Data under study: Begin
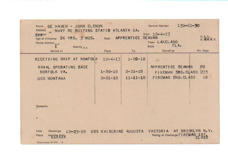 Florida. Military Dept. John Clemon DeHaven. . State Archives of Florida, Florida Memory. <https://www.floridamemory.com/items/show/219232>, accessed 31 December 2025.
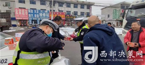 2月23日,潼關(guān)縣交警大隊(duì)秦東中隊(duì)中隊(duì)長(zhǎng)梁寬鋒組織中隊(duì)民警為滯留的司機(jī)師傅送去火腿腸、泡面、熱水等物資,給司機(jī)和乘客倒上熱水送溫暖,并叮囑他們耐心等待。
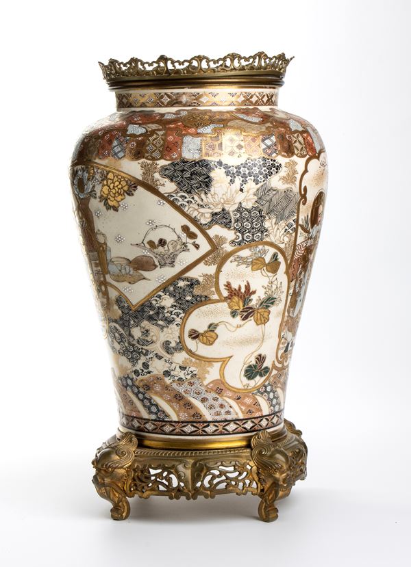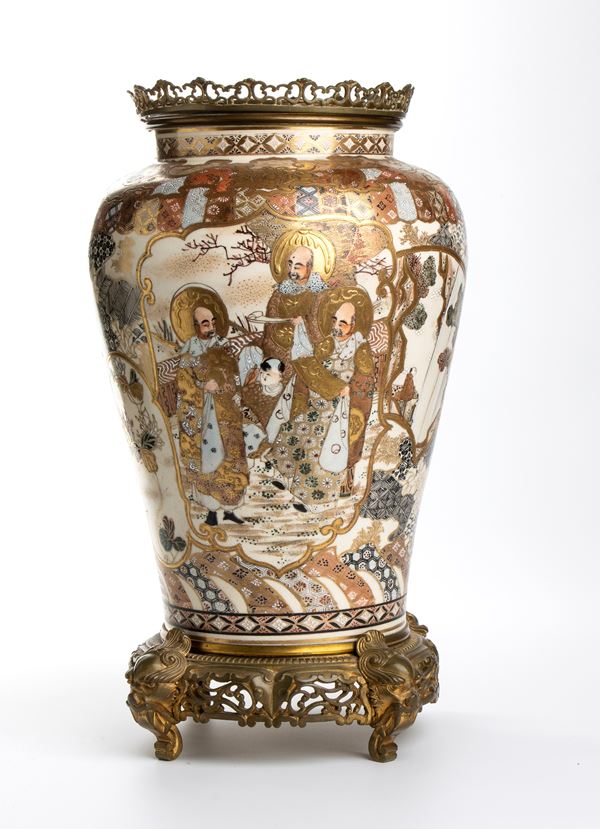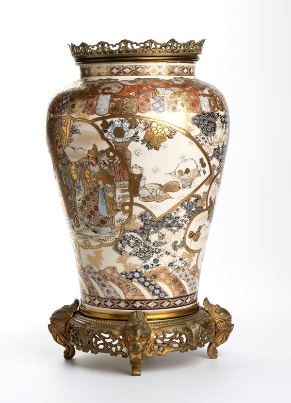 Vaso giapponese Satsuma montato su bronzo francese, Periodo Meiji, 1868-1912
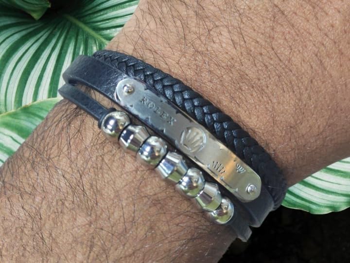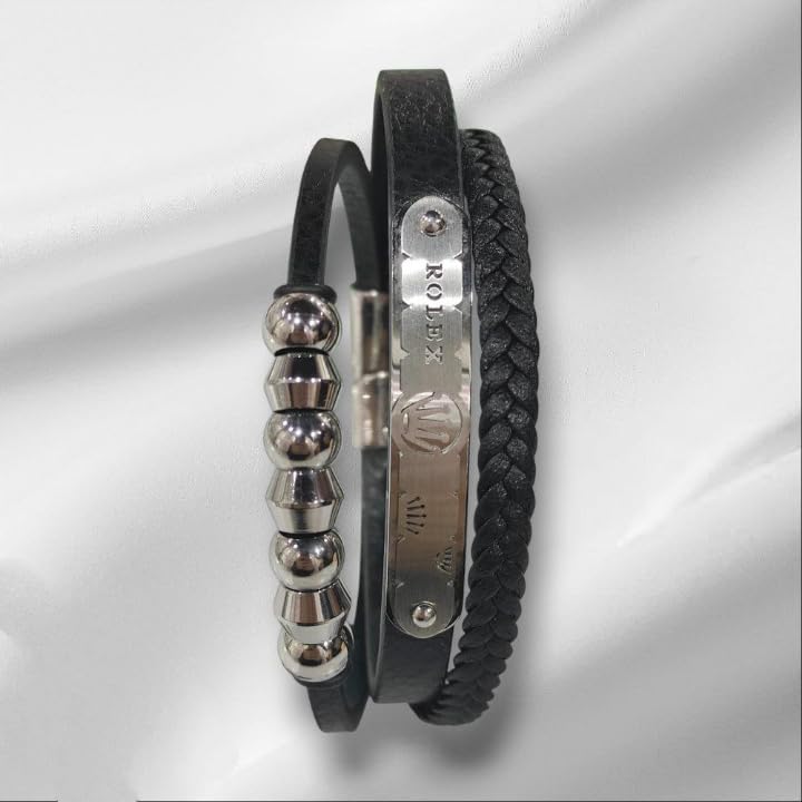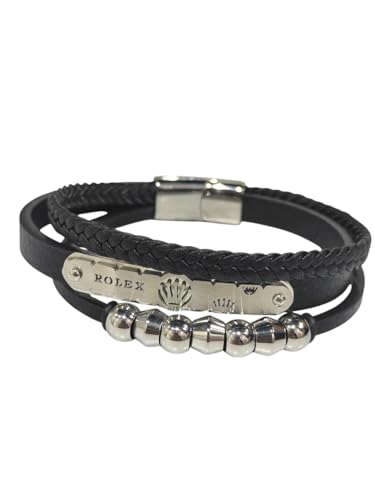 Generic - سوار انيق للرجال مصنوع الجلد بلون اسود مزين بحجر طبيعي علي شكل خرز يحتوي مشبك ممغنط ومصنوع الستانلس ستيل
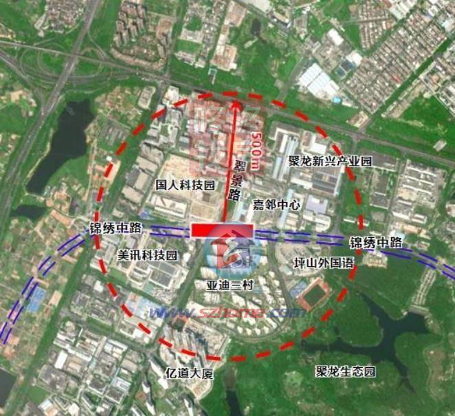 锦龙站是深圳轨道交通19号线一期工程第4座车站,位于坪山大道与荣昌路(体育二路)交叉口北侧,沿荣昌路南北向敷设,与既有地铁14号线锦龙站站厅换乘。
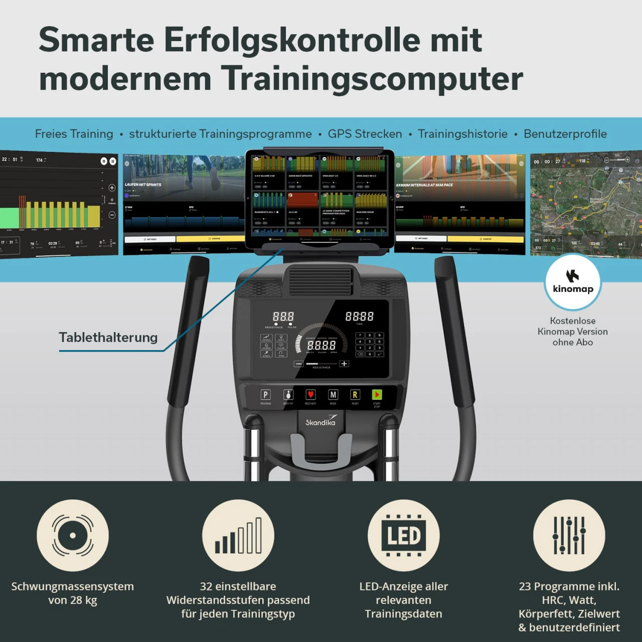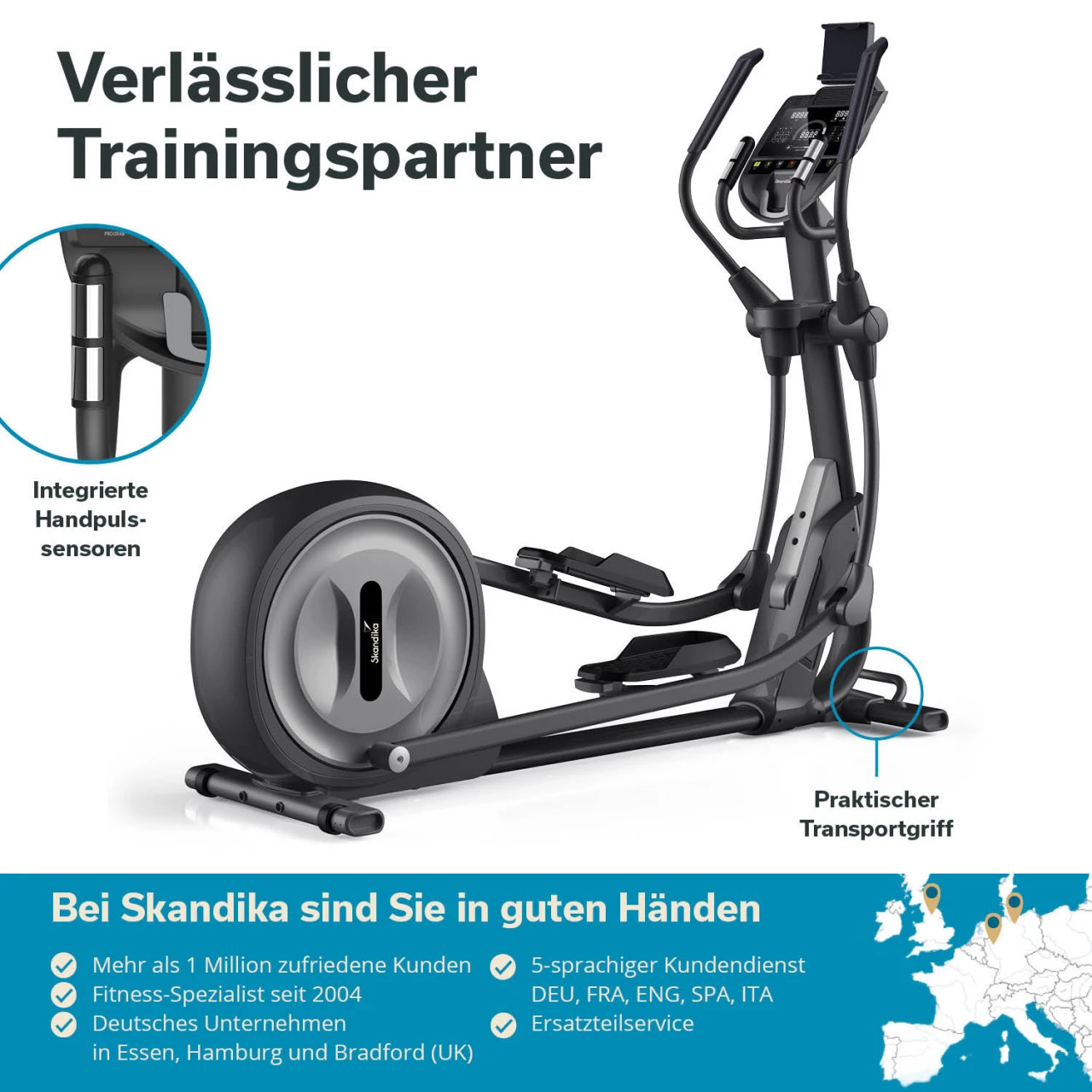 Der Skandika Crosstrainer Carbon P-28 R bietet mit seinem hinten platzierten Schwungrad und dem geringen Q-Faktor von 8 cm optimale Bedingungen für ein gelenkschonendes Training mit flüssigen Laufbewegungen.
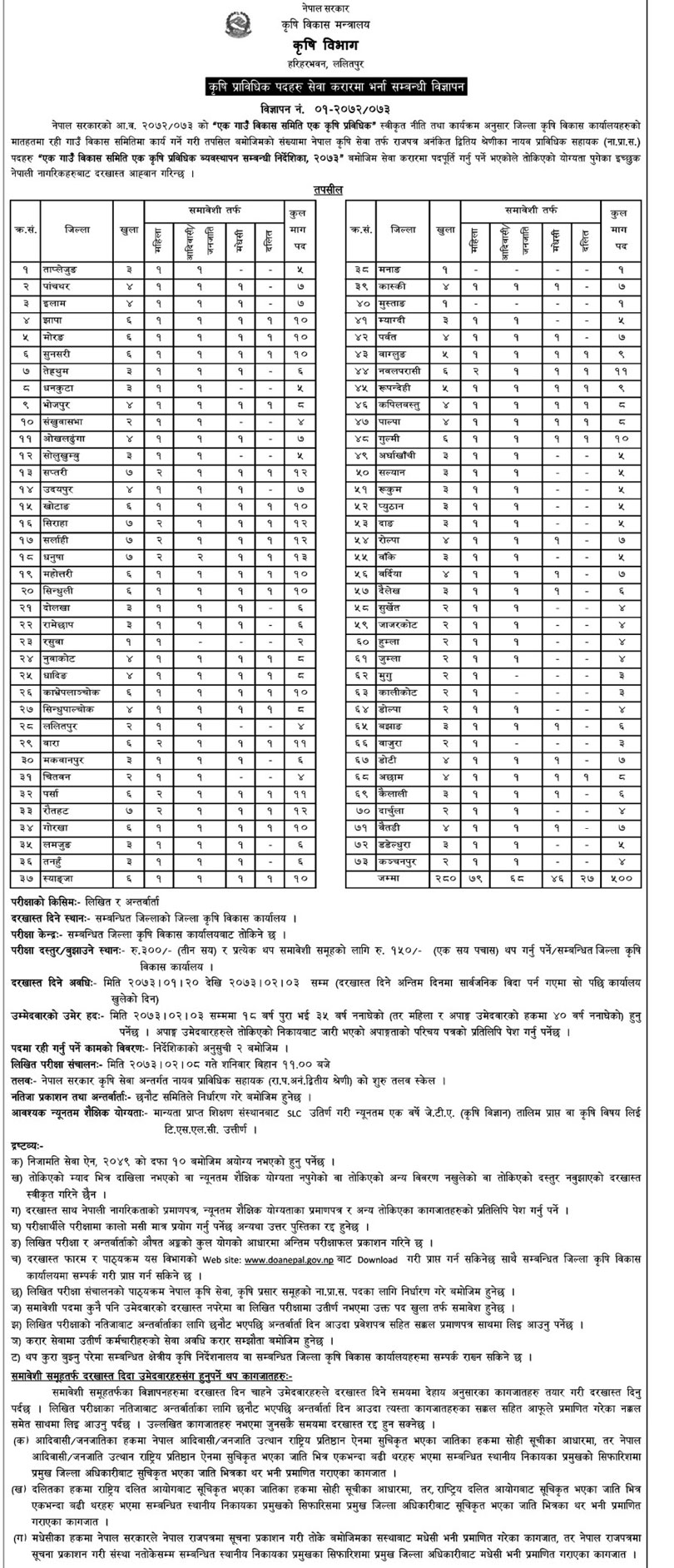सरकारले ‘एक गाउँ, एक कृषि सेवा प्राविधिक’ कार्यविधि अन्तरगत ५ सय जना कृषि सेवाअन्तरगतको कृषि प्राविधिक पदमा दरखास्त आवेदन माग गरेको छ । द्वितीय श्रेणि अन्तरगत नायव प्राविधिक सहायकमा पदमा ५ सय जना माग भएको हो ।
Data under study: End
(About this task)
Output the data above verbatim, pictures excluded.

(Result of the task)
 Florida. Military Dept. John Clemon DeHaven. . State Archives of Florida, Florida Memory. <https://www.floridamemory.com/items/show/219232>, accessed 31 December 2025.
 2月23日,潼關(guān)縣交警大隊(duì)秦東中隊(duì)中隊(duì)長(zhǎng)梁寬鋒組織中隊(duì)民警為滯留的司機(jī)師傅送去火腿腸、泡面、熱水等物資,給司機(jī)和乘客倒上熱水送溫暖,并叮囑他們耐心等待。
 Vaso giapponese Satsuma montato su bronzo francese, Periodo Meiji, 1868-1912
 Generic - سوار انيق للرجال مصنوع الجلد بلون اسود مزين بحجر طبيعي علي شكل خرز يحتوي مشبك ممغنط ومصنوع الستانلس ستيل
 锦龙站是深圳轨道交通19号线一期工程第4座车站,位于坪山大道与荣昌路(体育二路)交叉口北侧,沿荣昌路南北向敷设,与既有地铁14号线锦龙站站厅换乘。
 Der Skandika Crosstrainer Carbon P-28 R bietet mit seinem hinten platzierten Schwungrad und dem geringen Q-Faktor von 8 cm optimale Bedingungen für ein gelenkschonendes Training mit flüssigen Laufbewegungen.
सरकारले ‘एक गाउँ, एक कृषि सेवा प्राविधिक’ कार्यविधि अन्तरगत ५ सय जना कृषि सेवाअन्तरगतको कृषि प्राविधिक पदमा दरखास्त आवेदन माग गरेको छ । द्वितीय श्रेणि अन्तरगत नायव प्राविधिक सहायकमा पदमा ५ सय जना माग भएको हो ।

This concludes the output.